As for Garland, at 16 she was under tremendous pressure to carry a film that would cost $2.7m, MGM’s most expensive of the year. Between takes, Pellegrini sat with her on the Yellow Brick Road, chatting like “regular teenagers”, although in later years Garland and her colleagues got fond capital out of Munchkin-lore. “We had a hell of a time with those little guys,” Mervyn LeRoy said. “They got into sex orgies at the hotel. We had to have police on every floor.” Garland told similar tales, and “embellished the truth later to make a better story”, says her daughter, Lorna Luft.

“Some of us were a little older than others,” says Pellegrini, who was cast as the second Sleepy Head to stand up in the nest and as one of the Flower Pot Girls. “But it’s all out of proportion. Just a few of them liked their drinks too much.”

Does she remember how much she was paid? Pellegrini laughs. “$50 a week, including room and board and transportation. You know what we found out later? Toto made more than we did.”

Of the principal actors, Garland earned the least – $500 a week. Luft says her mother loved making the film. “Adored it. It was the movie that put her into another stratosphere, that made her a star.”

Bolger and Haley were both on $3,000 and Lahr, a veteran of vaudeville, on $2,500. As for the songwriters, “their place was near the janitor!” Ernie Harburg says. “They were just guys you called in to do a little job for you. Work for hire. “

In the wrong hands, the score could have been a soppy nightmare. But Harburg, unusually for a songwriter of the period, wasn’t sentimental. He was a social activist, who’d be blacklisted in the communist witch-hunt and go on to write Finian’s Rainbow, a mixed-race musical for a long time considered too challenging for mainstream tastes.

“Yip was a tough-love guy,” Ernie says. “He wrote the schmaltzy stuff at the start of his career, but most of the time it was like Paper Moon: ‘It’s a Barnum and Bailey world/Just as phoney as it can be.’ He said art was for struggle and hope, that’s what his lyrics were about. Look, in the late 20s, his business went bust, his wife left, his brother died, his father died. Bang, bang, bang. You have to – like Obama said, he’s the same kinda guy – create hope. With humour, then imagination. You have to imagine: how can I get out of this mess? Then use your smarts.”

“If Yip Harburg were alive,” says John Lahr, theatre critic for the New Yorker and son of Bert, “he’d tell you he was writing a musical version of FDR’s New Deal.”

Over The Rainbow is perhaps the most misperformed song of all time. “People don’t get the point,” says Luft. “They make it into something more than it is, a big dramatic piece. If you look at where it came from, it’s a simple song.”

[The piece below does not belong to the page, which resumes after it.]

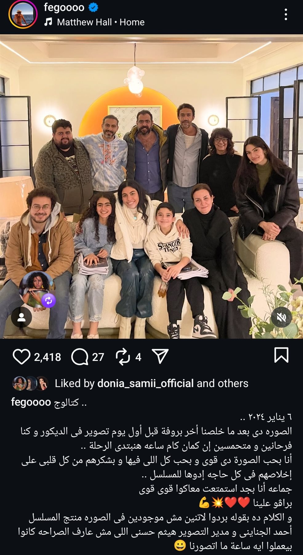 وتابع: “أنا بحب الصورة دى قوى و بحب كل اللى فيها وبشكرهم من كل قلبي على إخلاصهم في كل حاجه إدوها للمسلسل، جماعه أنا بجد استمتعت معاكوا قوی قوی، برافو علينا”.

Initially Harburg thought Arlen’s melody too histrionic for a little girl and toned it down with childlike lyrics. “Lemon drops,” Ernie says. Is it significant the song ends in a question? “Yes.” He nearly jumps out of his chair. “That’s Yip. He was a philosopher – it’s a Socratic method, engage the listener by asking questions. Why oh why can’t I?” Over The Rainbow was thrown out of the film three times before Louis B Mayer intervened and said, “Let the boys have their damned song.”

When it came out, Oz was neither commercially nor critically successful. Garland, Harburg and Arlen won Oscars, but the film lost money at the box office and was dismissed by critics as having “no trace of imagination, good taste or integrity” (the New Yorker) and being full of “freak characters” (the New Republic). The best the New York Times could say was that it was “genial”. It wasn’t until 1956, when CBS leased the film from MGM (they’d bid for Gone With The Wind and got Oz as a consolation prize), to show on TV every year, that it started to build into a phenomenon.

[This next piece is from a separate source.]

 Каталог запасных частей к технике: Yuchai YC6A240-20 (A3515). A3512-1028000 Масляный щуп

The key to its appeal, John Lahr says, is the way it addresses fundamental anxieties in American culture. “What the story speaks to is mastering a sense of inadequacy that’s built into the American system. In other words: you’re free to become who you want. Which is terrifying, because you have no support. This sense of can I make it, am I good enough, do I have the right stuff? Oz is a little capitalist bliss, everything’s perfect, shiny, grand. And I think it speaks about longing and the feeling – the hope – that we’re all right inside ourselves and can reach that.”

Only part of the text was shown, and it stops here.